» **Data**:
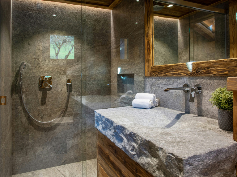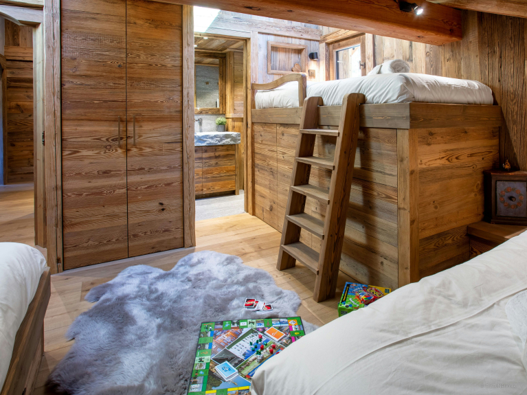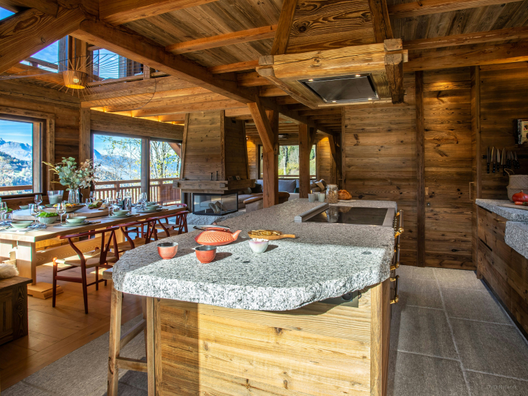 The large living room on the central floor opens onto a magnificent furnished panoramic terrace, where the view stretches over the valley to Mont Blanc. The modern kitchen includes a large stove, two refrigerators and two dishwashers, so that cooking is always a pleasure, even for large groups. There is plenty of room to eat together at the large dining table, or out on the terrace to enjoy the fresh alpine air.
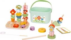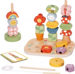 Odkrijte čar učenja skozi igro z lesenim kompletom Tooky Toy Magic Garden. Ta pametni box ponuja 5 aktivnosti v 1 – nizanje, razvrščanje oblik in barv, gradnjo stolpov po kartah, ujemanje in praktično shranjevanje. Veliki, gladki koščki iz varnega, ekološkega lesa razvijajo fino motoriko, koordinacijo oko–roka in logično mišljenje.
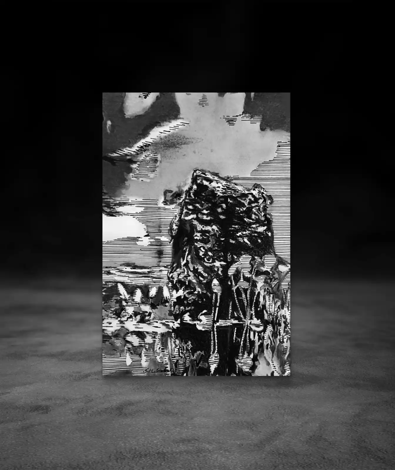 Still Stone Gentle Buds is a monochrome landscape artwork by artist Sabiha Hasan Sumbul. The piece shows a large stone partly under water with gentle flower buds floating around it. Created with pen and charcoal, the artwork captures quiet movement, texture, and the calm mood of nature.

» **Task brief**:
Retype each line above exactly and leave out any picture.

» **Reply**:
 The large living room on the central floor opens onto a magnificent furnished panoramic terrace, where the view stretches over the valley to Mont Blanc. The modern kitchen includes a large stove, two refrigerators and two dishwashers, so that cooking is always a pleasure, even for large groups. There is plenty of room to eat together at the large dining table, or out on the terrace to enjoy the fresh alpine air.
 Odkrijte čar učenja skozi igro z lesenim kompletom Tooky Toy Magic Garden. Ta pametni box ponuja 5 aktivnosti v 1 – nizanje, razvrščanje oblik in barv, gradnjo stolpov po kartah, ujemanje in praktično shranjevanje. Veliki, gladki koščki iz varnega, ekološkega lesa razvijajo fino motoriko, koordinacijo oko–roka in logično mišljenje.
 Still Stone Gentle Buds is a monochrome landscape artwork by artist Sabiha Hasan Sumbul. The piece shows a large stone partly under water with gentle flower buds floating around it. Created with pen and charcoal, the artwork captures quiet movement, texture, and the calm mood of nature.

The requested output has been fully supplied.